Resposta: o método exegético Literal-Alegórico+Troca de
Palavras-Literal para interpretar o versículo. Bem, os frustrantes resultados
desse método exegético nós já vimos acima, nos pontos
1 a 4 de minha crítica...
Ora, o que o Azenilto talvez ainda não tenha parado para pensar é
que ele é obrigado a crer que "corpo" e "alma" sejam
a mesma coisa (não importa o sentido de "alma")! Um não
imortalista não tem outra opção a não ser acreditar
que o "corpo" é a "alma", pois se não existe
uma alma imaterial-imortal dentro do homem, então a morte do corpo marca
o fim de toda e qualquer existência. Quando se refere aos homens, não
importa os sentidos secundários que "alma" assuma na Bíblia
("sentimentos", "caráter", "coração",
"vida", "sangue", "personalidade", etc.), a conclusão
para um não imortalista é só uma: "alma" e "corpo"
são a mesma coisa, visto que todos os diferentes sentidos de "alma"
só podem ser vivenciados num corpo. Esses diversos sentidos secundários
de "alma" evidentemente se referem à própria pessoa.

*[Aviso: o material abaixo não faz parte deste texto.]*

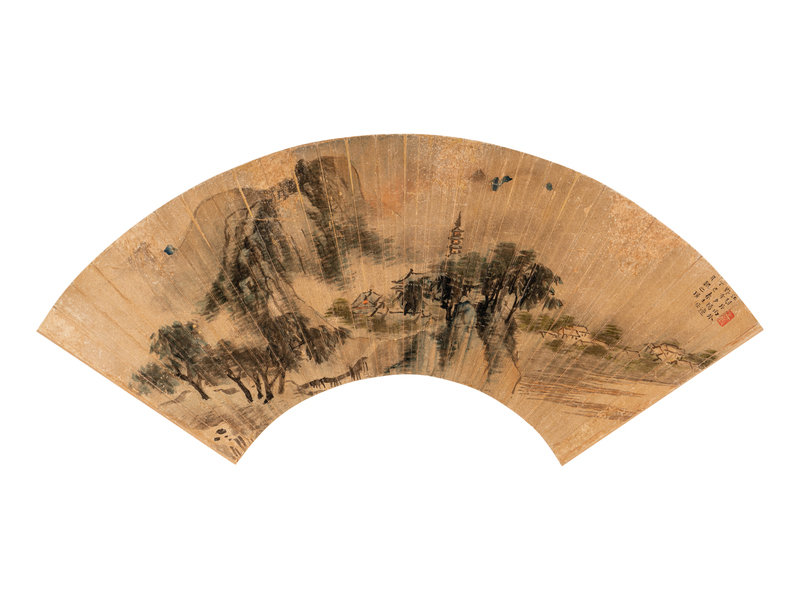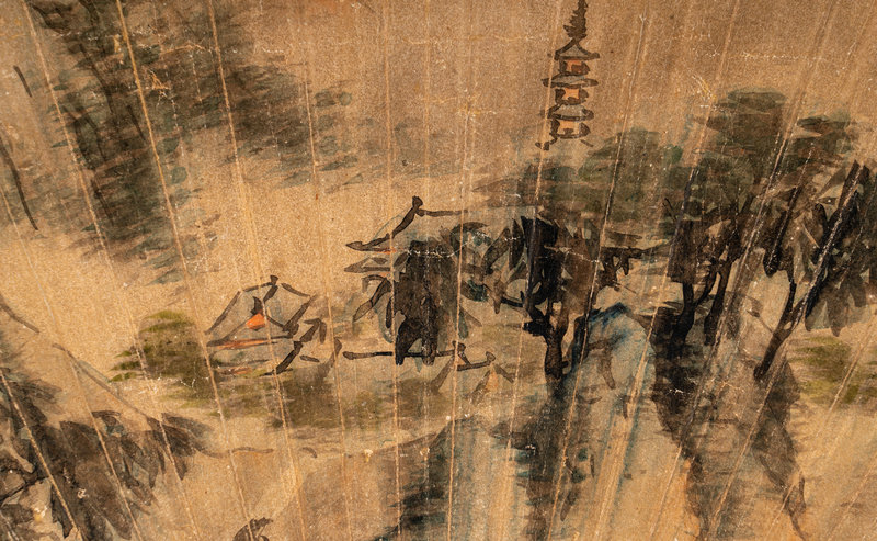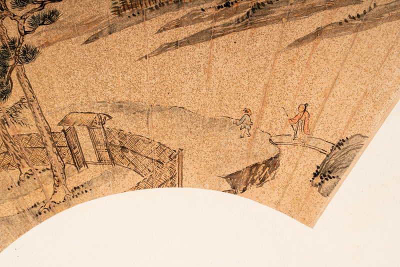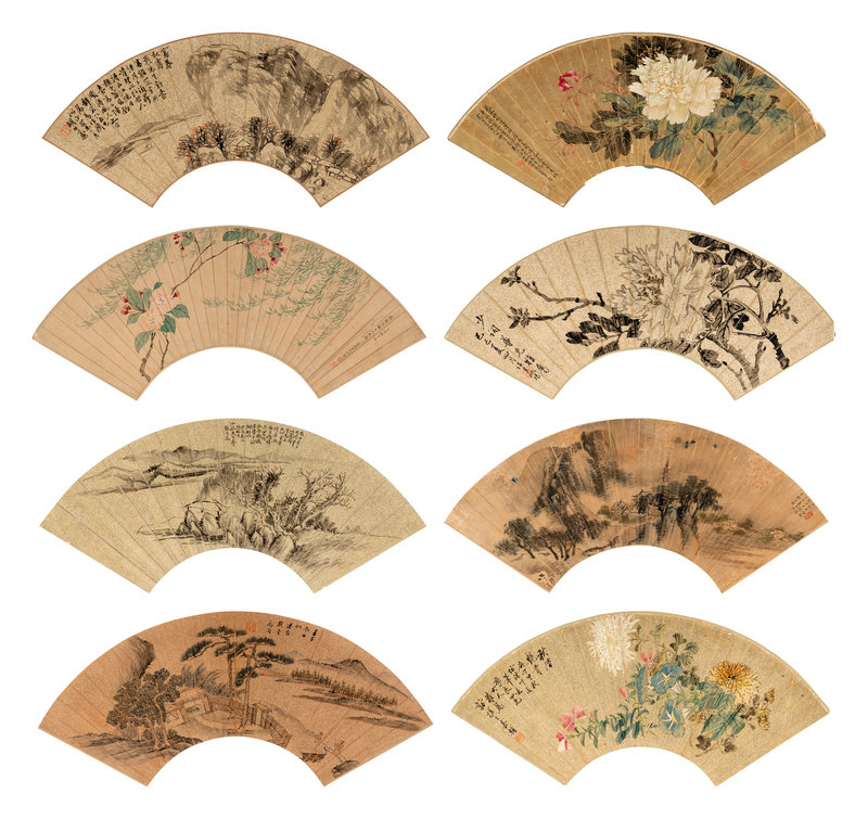Eight Chinese Folding Fan Leaves Depicting Landscape and Flowers
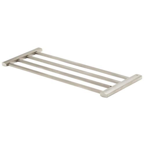 All in one towel rack/shelf + towel bar Coated with a Brushed Nickel finish Expertly crafted solid brass construction for long-lasting durability Sleek design matches most dcor styles Concealed wall mounted installation keeps your bathroom aesthetics on point Superior finish is corrosion and rust resistant
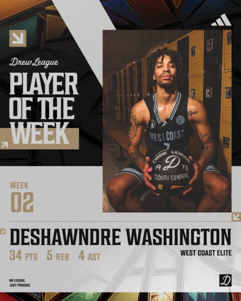 DESHAWNDRE WASHINGTON NAMED WEEK 2 PLAYER OF THE WEEK June 10, 2024 In the first two weeks of the 2024 Drew League season, one of the standout teams so far has been West Coast Elite. The fast-running young team is 2-0 after defeating Cititeam Blazers on Saturday, 88-77. 6’7 guard Deshawndre Washington was an all-around factor in both wins, but stepped up his scoring tremendously in the second game, putting up 34 points in addition to his 5 rebounds, 4 assists, and 2 blocks.Â

Por exemplo, quando "alma" tem o sentido de "sentimento",
esse "sentimento" se refere logicamente ao sentimento que a pessoa
sente (desculpem-me a redundância). Logo, assim que a pessoa morre esse
"sentimento" (conforme a crença não imortalista) também
morre juntamente com ela, desaparecendo literalmente, sendo restaurado somente
na ressurreição dessa pessoa. Os imortalistas, porém, crêem
que esse "sentimento" continua existindo mesmo após a morte,
pois a alma imaterial-imortal se separa do corpo. Portanto, todos os não
imortalistas devem acreditar (para serem coerentes com aquilo que crêem
e ensinam) que "alma" (seja no sentido literal ou nos secundários)
é o mesmo que "corpo".
Porém, se "alma" é igual a "corpo", então
como fica o texto de Mateus 10:28? Se essas duas coisas são iguais, então
a conclusão é que os homens podem matar tanto a "alma"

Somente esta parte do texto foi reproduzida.